Euro response wrong, Germans told
Ireland, Britain and France unite to criticise Berlin's approach
Published 17/11/2011 | 05:00
GERMANY came under attack from Ireland, Britain and France yesterday as each country criticised Berlin's handling of the financial crisis that has engulfed the continent, threatens to tear apart the euro and plunge the continent into a deep depression.
Stock markets see-sawed as the Bank of England warned that Europe's problems could damage the global economy, but later rallied as a senior official in the US Federal Reserve said the crisis may warrant coordinated action by the US central bank and the European Central Bank.
There was evidence of frayed nerves everywhere as even cautious analysts warned that a financial disaster was possible within days.
"Time is running out fast," said Citigroup chief economist Willem Buiter. "I think we have maybe a few months -- it could be weeks, it could be days -- before there is a material risk of a fundamentally unnecessary default by a country like Spain or Italy."
European Commission President Jose Manuel Barroso told the European Parliament meanwhile that the eurozone faced a systemic crisis and fragmenting the European Union was no solution.
France and Germany, Europe's two central powers, clashed over whether the European Central Bank should intervene more forcefully to halt the crisis after modest bond purchases failed to stop the rout.
As the French 'AAA' credit rating came under sustained threat, France pleaded for stronger ECB action.
The French government's views were expressed even more forcibly by Taoiseach Enda Kenny who used his first official visit to Berlin to criticise his host's opposition to extending the ECB's powers to play a bigger role in resolving the debt crisis.

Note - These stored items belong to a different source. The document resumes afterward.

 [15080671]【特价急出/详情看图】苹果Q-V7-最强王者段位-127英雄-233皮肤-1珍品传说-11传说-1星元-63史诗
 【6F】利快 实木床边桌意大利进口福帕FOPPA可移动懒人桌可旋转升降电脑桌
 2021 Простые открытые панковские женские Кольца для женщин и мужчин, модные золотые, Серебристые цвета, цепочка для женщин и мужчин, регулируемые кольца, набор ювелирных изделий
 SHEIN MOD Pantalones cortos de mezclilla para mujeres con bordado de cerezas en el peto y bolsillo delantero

German Chancellor Angela Merkel swiftly rejected the proposals which have been already slapped down countless times by Germany.
"The way we see the treaties, the ECB doesn't have the possibility of solving these problems," she said after talks with Mr Kenny.

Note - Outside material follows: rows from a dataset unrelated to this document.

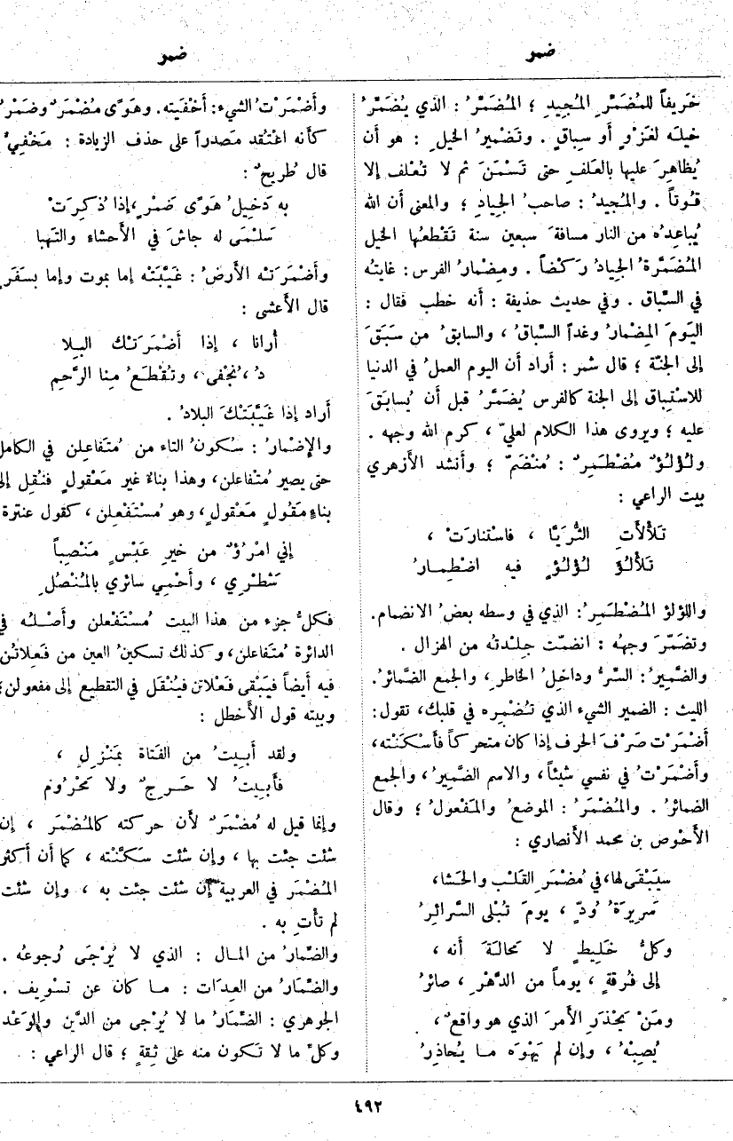 وَاللُّؤْلُؤُ المُضْطَمِرُ: الَّذِي فِي وَسَطِهِ بعضُ الِانْضِمَامِ. وتَضَمّرَ وجهُه: انْضَمَّتْ جِلْدتُه مِنَ الْهُزَالِ. والضَّمِيرُ: السِّرُّ وداخِلُ الخاطرِ، وَالْجَمْعُ الضَّمائرُ. اللَّيْثُ: الضَّمِيرُ الشَّيْءُ الَّذِي تُضْمِره فِي قَلْبِكَ، تَقُولُ: أَضْمَرْت صَرْفَ الْحَرْفِ إِذا كَانَ مُتَحَرِّكًا فأَسْكَنْته، وأَضْمَرْتُ فِي نَفْسِي شيئاً، والاسم الضَّمِيرُ، وَالْجَمْعُ الضَّمَائِرُ. والمُضْمَرُ: الموضعُ والمَفْعولُ؛ وَقَالَ الأَحْوص بْنُ مُحَمَّدٍ الأَنصاري: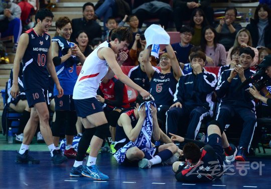 ‘NH농협 2016~2017 V리그’ 올스타전이 22일 천안유관순체육관에서 열렸다. K스타 전광인이 이상형 올스타 결승에서 문성민에 승리한 후 문성민에게 장난을 치고 있다.
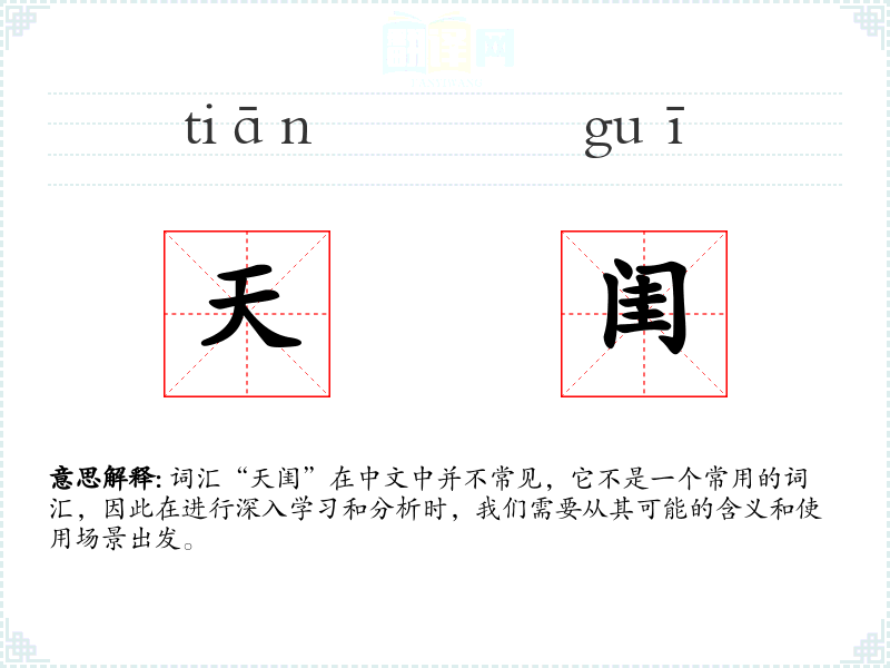 - 反义词:尘世、人间(这些词汇与“天闺”形成对比,指的是现实世界或世俗生活)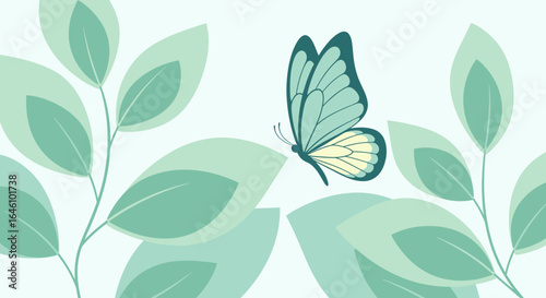 Elegant Butterfly and Leaves Illustration with Serene Color Palette for Nature Designs
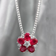 18ct White Gold flower style Slider containing 5 oval cut Rubies equal to 1.08ct & 6 G, SI round cut Diamonds equaling .162ct, all claw set.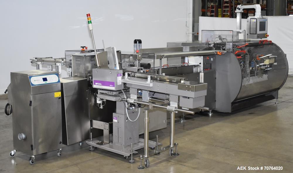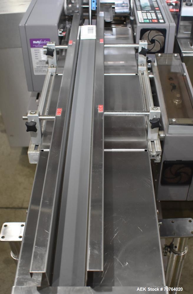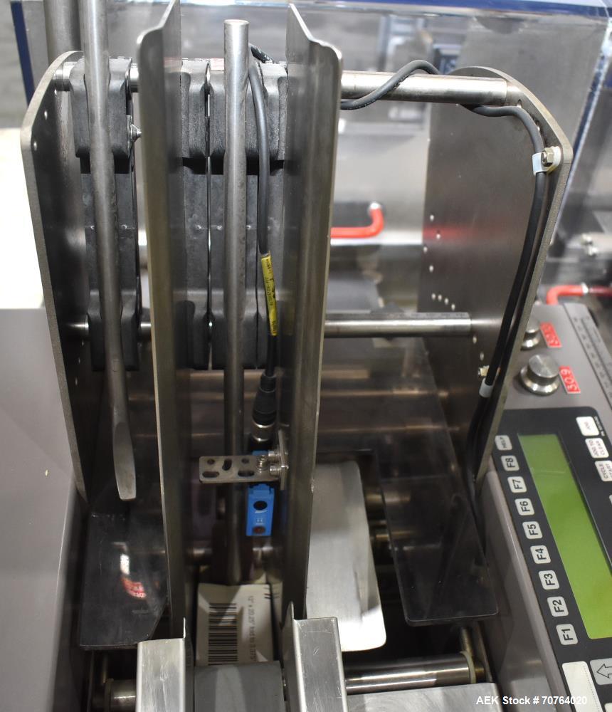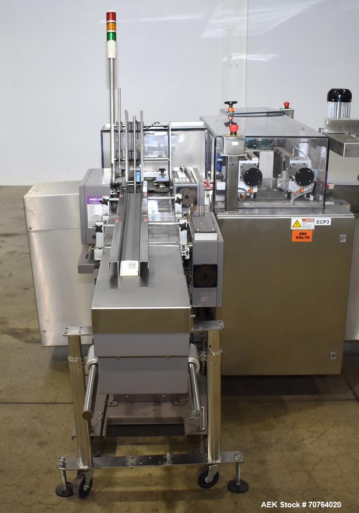 Bosch Model CUK 3060, continuous motion, stainless steel, horizontal tuck, cartoner rated from 40 to 220 cartons per minute – depending on materials and application. Carton size range: 60mm to 120mm in Length; 15mm to 85mm in Width; 75 mm to 120mm in Depth. a 72" long product infeed conveyor with guide ...more

The only way to recover markets' confidence was to implement agreed economic reforms and build a closer European political union by changing the EU treaty, Merkel added.
That would almost certainly mean a referendum here.
The ECB did buy Spanish and Italian bonds yesterday but there was no sign of a change in its policy.
In London, Business Secretary Vince Cable slammed Germany's position on an EU financial transactions tax as "completely unjustified", raising tension between Britain and Germany days before their leaders are due to meet to discuss the euro zone debt crisis.
Mr Cable was responding to Merkel ally who accused Britain of selfishness over its rejection of a European Union-wide financial transactions tax, which Germany backs. Ireland is also opposed to the tax.
President Obama said that whilst there had been progress in putting together unity governments in Italy and Greece, Europe still faced a problem of political will.
"I'm deeply concerned, have been deeply concerned. I suspect will be deeply concerned tomorrow and next week and the week after that," Obama said during a visit to Australia yesterday.
There was some good news. Italy agreed a new cabinet although no member is a politician. Greek Prime Minister Lucas Papademos meanwhile won a confidence vote in parliament, receiving a mandate to push through budget measures necessary to secure financing designed to avert a collapse of the economy and keep Greece in the euro.